RECORDED DATA:

════════════════

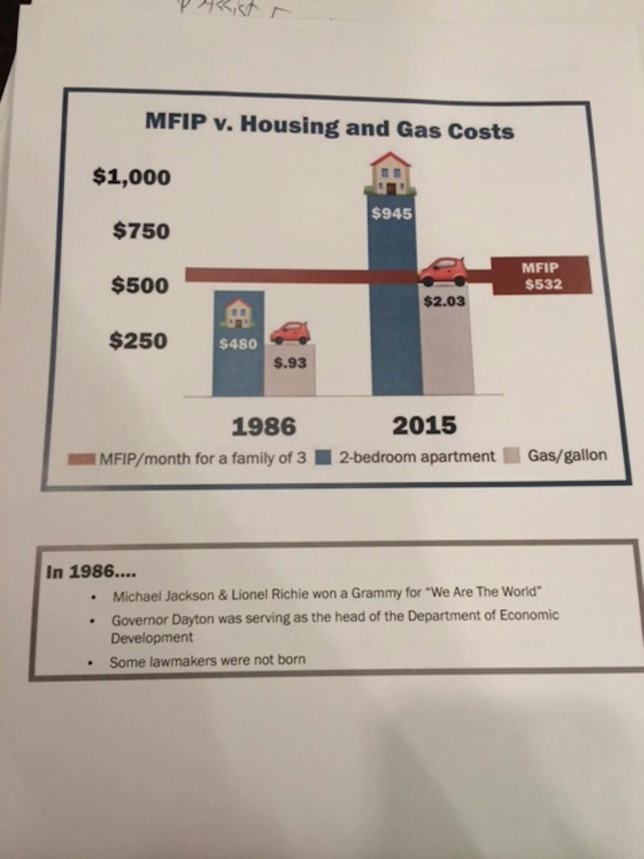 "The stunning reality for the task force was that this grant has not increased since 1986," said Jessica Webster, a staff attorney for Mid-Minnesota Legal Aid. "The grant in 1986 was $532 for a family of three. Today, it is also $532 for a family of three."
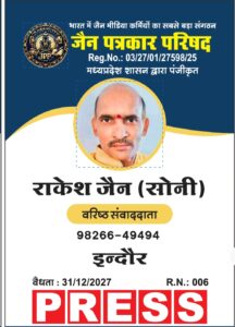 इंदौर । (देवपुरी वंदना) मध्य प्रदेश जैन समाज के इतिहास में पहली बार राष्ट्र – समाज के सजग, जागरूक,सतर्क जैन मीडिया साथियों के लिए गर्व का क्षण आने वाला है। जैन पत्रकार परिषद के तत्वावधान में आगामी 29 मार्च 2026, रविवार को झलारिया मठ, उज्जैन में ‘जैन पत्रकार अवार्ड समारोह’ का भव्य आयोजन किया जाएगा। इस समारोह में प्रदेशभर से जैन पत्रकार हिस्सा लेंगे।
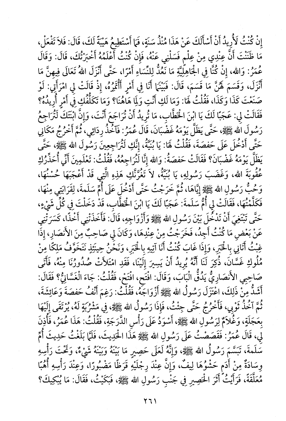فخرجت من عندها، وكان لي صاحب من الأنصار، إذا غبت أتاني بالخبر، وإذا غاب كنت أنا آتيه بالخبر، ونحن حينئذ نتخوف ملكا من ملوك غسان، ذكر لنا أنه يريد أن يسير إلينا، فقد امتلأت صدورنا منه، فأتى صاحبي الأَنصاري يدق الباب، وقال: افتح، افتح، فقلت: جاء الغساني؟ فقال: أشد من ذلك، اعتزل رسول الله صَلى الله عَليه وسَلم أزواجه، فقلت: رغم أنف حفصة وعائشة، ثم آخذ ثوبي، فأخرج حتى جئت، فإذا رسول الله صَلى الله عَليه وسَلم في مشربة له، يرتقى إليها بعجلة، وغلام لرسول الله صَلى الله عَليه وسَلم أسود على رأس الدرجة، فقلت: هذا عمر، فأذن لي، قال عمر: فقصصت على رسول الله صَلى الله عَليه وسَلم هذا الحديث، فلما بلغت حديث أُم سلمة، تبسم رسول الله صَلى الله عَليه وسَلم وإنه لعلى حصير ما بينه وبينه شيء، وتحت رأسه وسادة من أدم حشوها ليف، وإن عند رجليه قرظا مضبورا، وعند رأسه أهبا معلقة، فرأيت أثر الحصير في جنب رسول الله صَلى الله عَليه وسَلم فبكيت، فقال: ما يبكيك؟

════════════════

YOUR OBJECTIVE: In your copy of the data above, leave out the pictures and repeat everything else exactly.

ANSWER BOX:
 "The stunning reality for the task force was that this grant has not increased since 1986," said Jessica Webster, a staff attorney for Mid-Minnesota Legal Aid. "The grant in 1986 was $532 for a family of three. Today, it is also $532 for a family of three."
 इंदौर । (देवपुरी वंदना) मध्य प्रदेश जैन समाज के इतिहास में पहली बार राष्ट्र – समाज के सजग, जागरूक,सतर्क जैन मीडिया साथियों के लिए गर्व का क्षण आने वाला है। जैन पत्रकार परिषद के तत्वावधान में आगामी 29 मार्च 2026, रविवार को झलारिया मठ, उज्जैन में ‘जैन पत्रकार अवार्ड समारोह’ का भव्य आयोजन किया जाएगा। इस समारोह में प्रदेशभर से जैन पत्रकार हिस्सा लेंगे।
فخرجت من عندها، وكان لي صاحب من الأنصار، إذا غبت أتاني بالخبر، وإذا غاب كنت أنا آتيه بالخبر، ونحن حينئذ نتخوف ملكا من ملوك غسان، ذكر لنا أنه يريد أن يسير إلينا، فقد امتلأت صدورنا منه، فأتى صاحبي الأَنصاري يدق الباب، وقال: افتح، افتح، فقلت: جاء الغساني؟ فقال: أشد من ذلك، اعتزل رسول الله صَلى الله عَليه وسَلم أزواجه، فقلت: رغم أنف حفصة وعائشة، ثم آخذ ثوبي، فأخرج حتى جئت، فإذا رسول الله صَلى الله عَليه وسَلم في مشربة له، يرتقى إليها بعجلة، وغلام لرسول الله صَلى الله عَليه وسَلم أسود على رأس الدرجة، فقلت: هذا عمر، فأذن لي، قال عمر: فقصصت على رسول الله صَلى الله عَليه وسَلم هذا الحديث، فلما بلغت حديث أُم سلمة، تبسم رسول الله صَلى الله عَليه وسَلم وإنه لعلى حصير ما بينه وبينه شيء، وتحت رأسه وسادة من أدم حشوها ليف، وإن عند رجليه قرظا مضبورا، وعند رأسه أهبا معلقة، فرأيت أثر الحصير في جنب رسول الله صَلى الله عَليه وسَلم فبكيت، فقال: ما يبكيك؟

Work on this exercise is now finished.